Information —
————

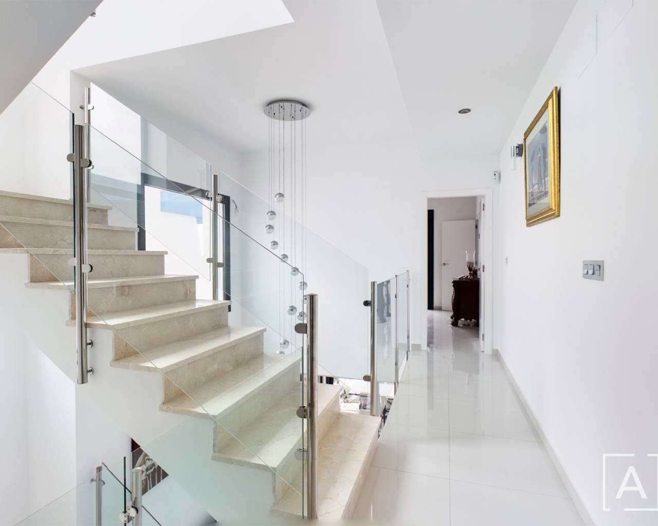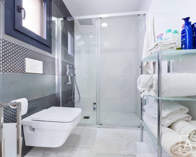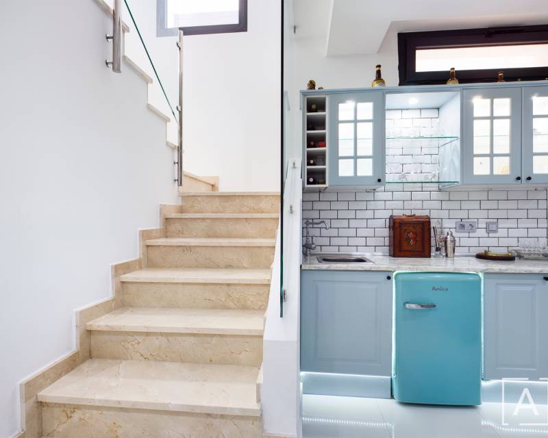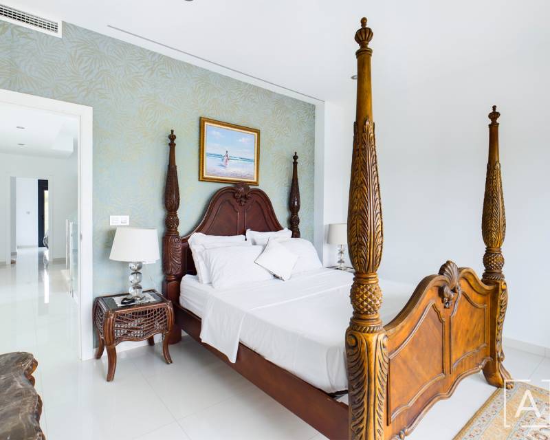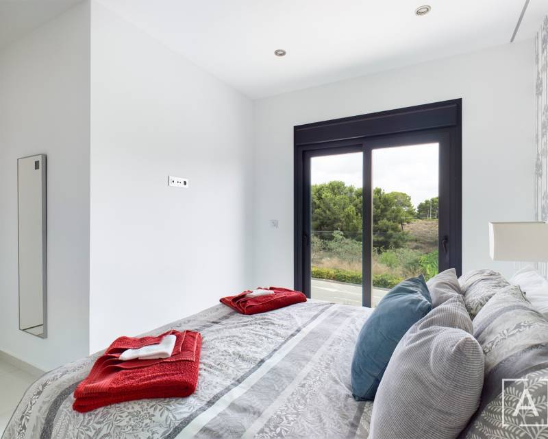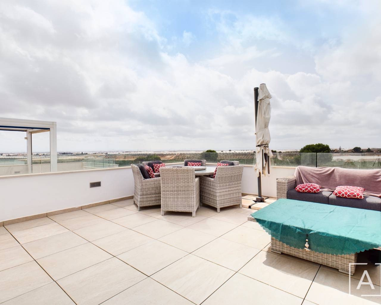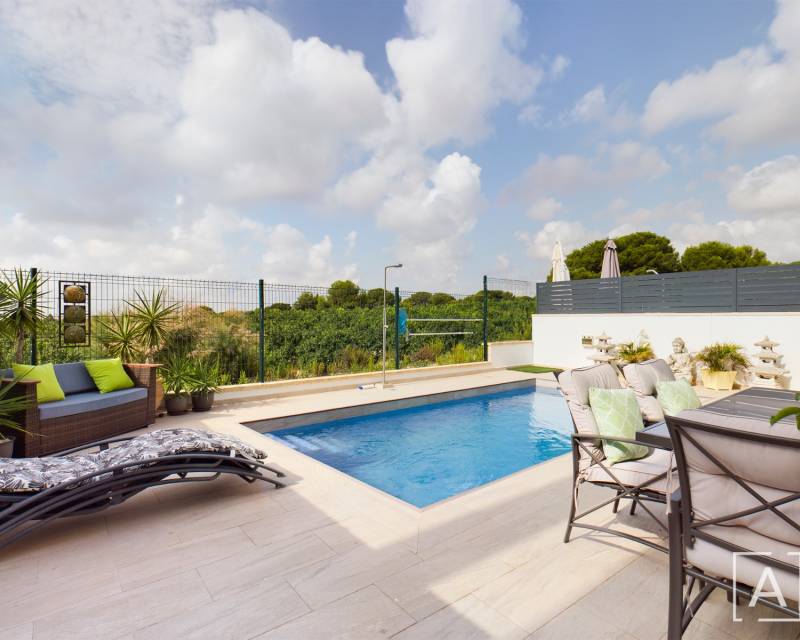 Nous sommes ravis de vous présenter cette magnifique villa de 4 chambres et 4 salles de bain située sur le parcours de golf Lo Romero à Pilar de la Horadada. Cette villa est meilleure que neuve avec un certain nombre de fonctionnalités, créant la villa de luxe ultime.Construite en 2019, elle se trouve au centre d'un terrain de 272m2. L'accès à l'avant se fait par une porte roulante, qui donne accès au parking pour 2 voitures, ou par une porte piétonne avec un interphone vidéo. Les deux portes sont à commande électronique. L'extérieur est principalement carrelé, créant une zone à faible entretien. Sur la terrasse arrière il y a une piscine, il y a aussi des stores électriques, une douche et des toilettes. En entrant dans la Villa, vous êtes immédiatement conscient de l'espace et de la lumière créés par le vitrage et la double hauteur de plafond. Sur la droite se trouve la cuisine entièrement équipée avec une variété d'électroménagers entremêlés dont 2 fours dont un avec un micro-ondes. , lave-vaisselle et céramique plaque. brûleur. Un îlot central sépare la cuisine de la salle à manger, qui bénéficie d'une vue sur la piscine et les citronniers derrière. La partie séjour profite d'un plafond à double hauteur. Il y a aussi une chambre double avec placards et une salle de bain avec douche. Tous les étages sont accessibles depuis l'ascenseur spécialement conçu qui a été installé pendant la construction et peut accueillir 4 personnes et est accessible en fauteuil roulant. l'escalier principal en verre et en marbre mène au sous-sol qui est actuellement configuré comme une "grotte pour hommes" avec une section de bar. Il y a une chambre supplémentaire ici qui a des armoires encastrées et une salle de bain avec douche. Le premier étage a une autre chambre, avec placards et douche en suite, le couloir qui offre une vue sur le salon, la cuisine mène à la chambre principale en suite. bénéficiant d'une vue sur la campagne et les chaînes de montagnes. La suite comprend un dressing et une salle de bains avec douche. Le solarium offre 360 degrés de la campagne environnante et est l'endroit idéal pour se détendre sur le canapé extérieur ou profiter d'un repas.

————

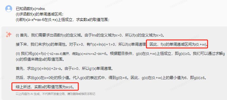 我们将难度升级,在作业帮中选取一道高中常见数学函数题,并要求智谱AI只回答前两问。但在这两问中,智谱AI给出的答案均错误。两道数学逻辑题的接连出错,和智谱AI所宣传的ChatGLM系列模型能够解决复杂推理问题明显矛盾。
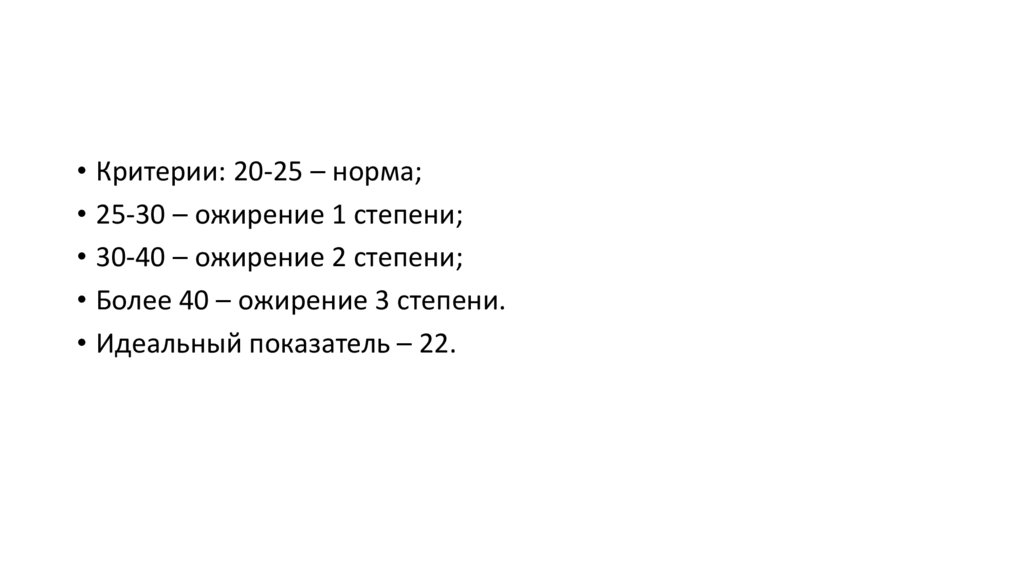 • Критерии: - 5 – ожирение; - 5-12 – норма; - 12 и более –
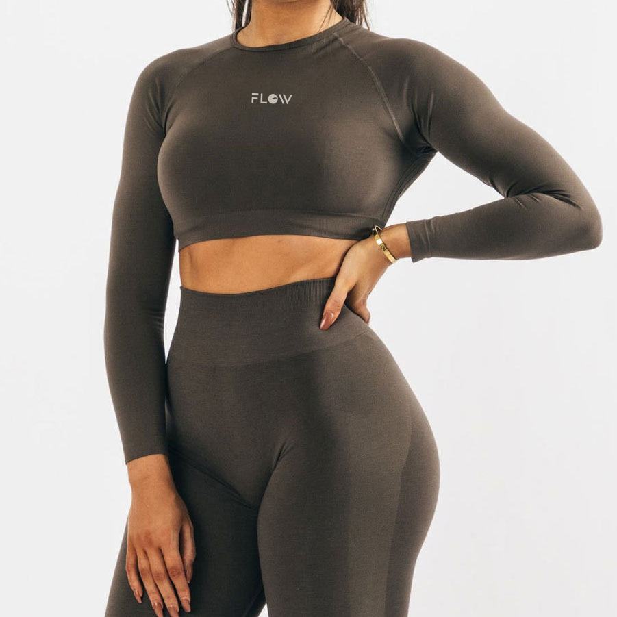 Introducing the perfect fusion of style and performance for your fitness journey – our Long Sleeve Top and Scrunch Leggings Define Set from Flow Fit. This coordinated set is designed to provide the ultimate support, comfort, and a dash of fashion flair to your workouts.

————

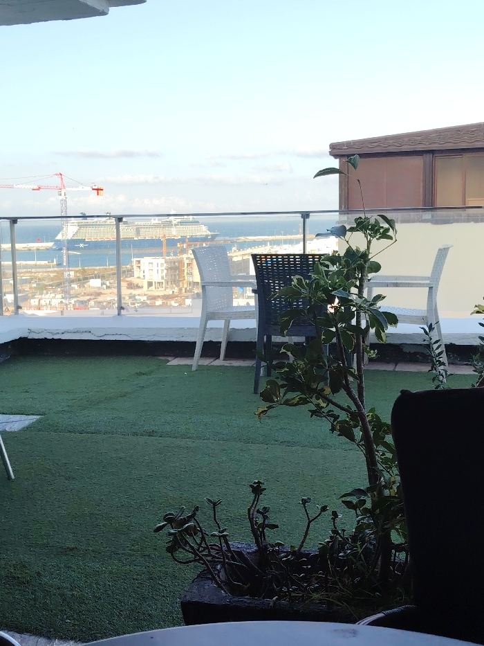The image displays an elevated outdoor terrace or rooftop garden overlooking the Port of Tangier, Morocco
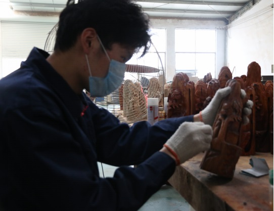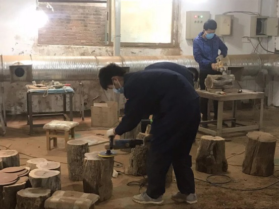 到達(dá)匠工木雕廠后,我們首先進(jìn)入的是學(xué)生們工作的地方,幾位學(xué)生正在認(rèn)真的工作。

————

What the task asks — From the material above, reproduce only what runs from the line holding "12 и более –" down to the line holding "Introducing the perfect", both included, pictures excluded.

Response for this exercise —
 • Критерии: - 5 – ожирение; - 5-12 – норма; - 12 и более –
 Introducing the perfect fusion of style and performance for your fitness journey – our Long Sleeve Top and Scrunch Leggings Define Set from Flow Fit. This coordinated set is designed to provide the ultimate support, comfort, and a dash of fashion flair to your workouts.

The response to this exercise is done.